TUNISIE
29/10/2018 08h:49 CET

Nidaa Tounes veut un gouvernement sans Ennahdha

Une position étrange qui vient contraster avec les précédents déclarations du directeur exécutif du parti, Hafedh Caid Essebsi.

Facebook/Nidaa tounes

Le bureau politique de Nidaa Tounes a annoncé sa disposition à se concerter avec la famille démocratique progressiste au sujet de la composition d’un nouveau gouvernement et de la nature du remaniement ministériel, et ce, sans la participation du mouvement Ennahdha.

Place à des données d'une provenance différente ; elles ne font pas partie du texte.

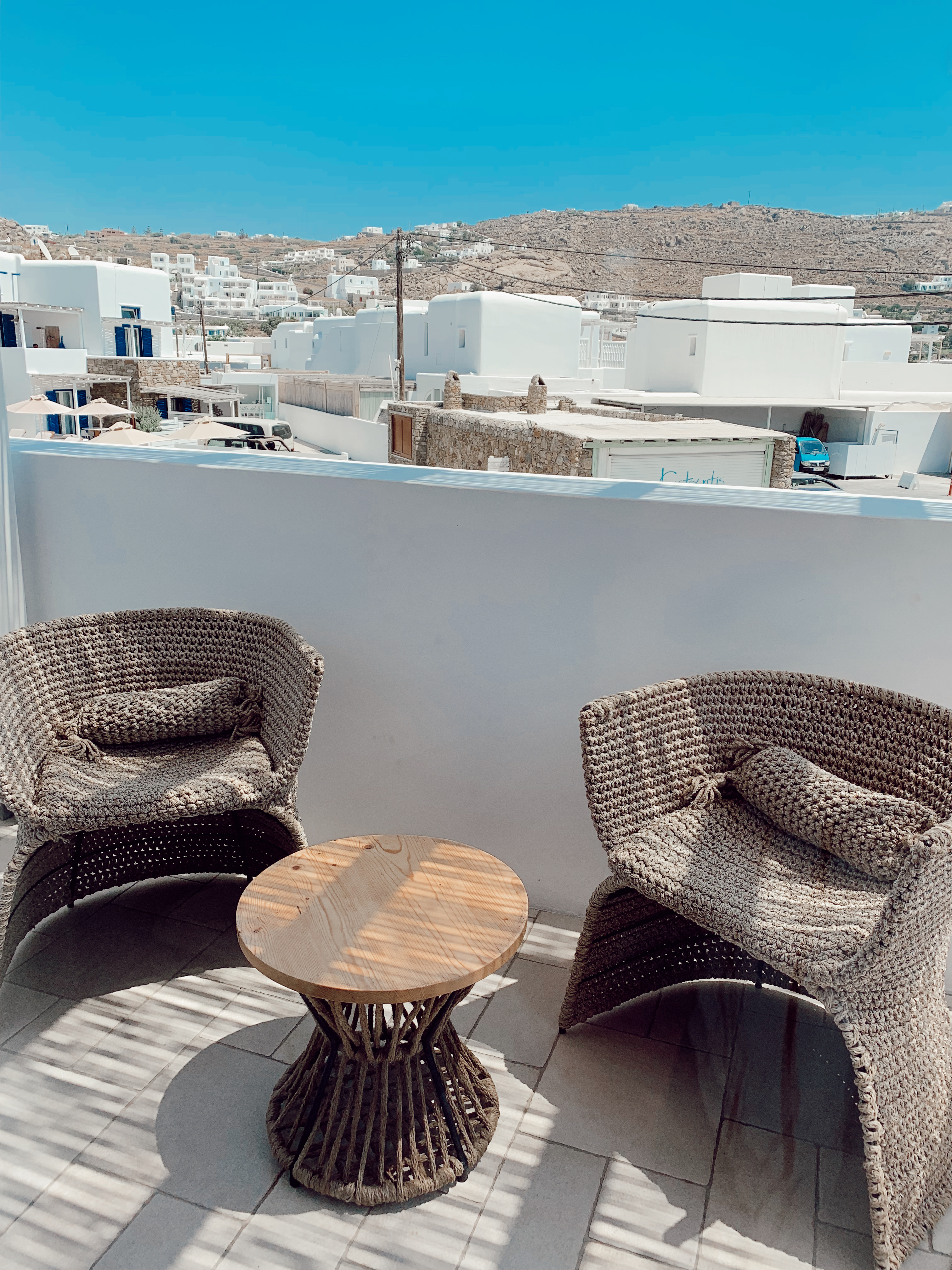 Kesinlikle “Mykonos Town” diye geçen şehir merkezinde kalmalısınız. Öncelikle güzel restoranlar ve gece hayatı hep bu şehir merkezinde, o yüzden gece otele nasıl dönsek vs. gibi dertleriniz olmadan rahatça yürüyerek dönmek en ideali. Biz, merkeze pek de uzak olmayan, Ornos Beach’te kaldık. Blue and White Suites diye airbnb/apart otel karışımı bir yerdi. Otel sahibesi Maria aşırı yardımsever ve tatlıydı. Kendisi aynı zamanda Fahri Brezilya Konsolosu, bu yüzden otelin girişinde bir Brezilya bayrağı var. 🙂

Dans une déclaration publiée dimanche, le bureau politique a qualifié de “graves” les déclarations du président d’Ennahdha Rached Ghannouchi à l’ouverture de la deuxième conférence annuelle des cadres du mouvement à Hammamet.

Dans son intervention, Rached Ghannouchi avait indiqué que le mouvement maintenait “son caractère non civil”, mettant en évidence les tentatives du parti de mettre la main sur les rouages de l’Etat et de changer la volonté les électeurs en imposant ses propres conditions pour le prochain remaniement ministériel, déplore le parti dans sa déclaration.

Le bureau politique de Nidaa dénonce, aussi, l’ingérence du président d’Ennahdha dans les relations diplomatiques de la Tunisie, ce qui est de nature à porter atteinte à l’intérêt national.

Une position étrange qui vient contraster avec les précédents déclarations du directeur exécutif du parti, Hafedh Caid Essebsi, qui a réitéré samedi, la non participation de son parti aux négociations relatives au remaniement ministériel, taclant au passage le chef du gouvernement Youssef Chahed.


Il recommande à son groupe parlementaire de continuer à boycotter les plénières jusqu’à l’application, par le gouvernement, de la décision du parlement relative à la non prolongation du mandat de l’Instance Vérité et Dignité.

Par ailleurs, le bureau politique appelle le gouvernement à traiter sérieusement avec les nouvelles données présentées par le collectif de défense dans l’affaire Chokri Belaid et Mohamed Brahmi pour révéler toute la vérité sur ces deux assassinats politiques.

Rached Ghannouchi, a souligné samedi que le pays a besoin de stabilité politique, mettant l’accent sur l’attachement de son parti au partenariat, au consensus et à l’unité nationale. Il a estimé que la victoire remportée par le mouvement lors des élections municipales constitue un nouveau défi qu’il est de son devoir de relever.

Il a rappelé que le mouvement Ennahdha avait décidé en 1995 de renoncer à l’action secrète et d’affirmer son caractère civil et pacifique en s’ouvrant sur les différents courants de l’opposition tunisienne. Aujourd’hui, a-t-il ajouté, Ennahdha est en train de former une équipe d’experts pour la conception d’une vision économique et sociale globale pour la Tunisie à l’horizon 2030 qui sera présentée dans le cadre de son programme électoral pour les échéances de 2019.

Abordant les relations extérieures de la Tunisie, Rached Ghannouchi a mis l’accent sur le besoin d’impulser les relations avec le continent africain, proposant la création d’un ministère des affaires africaines. Il a également appelé à revigorer l’union maghrébine et à créer un marché commun et une monnaie commune entre la Tunisie et l’Algérie.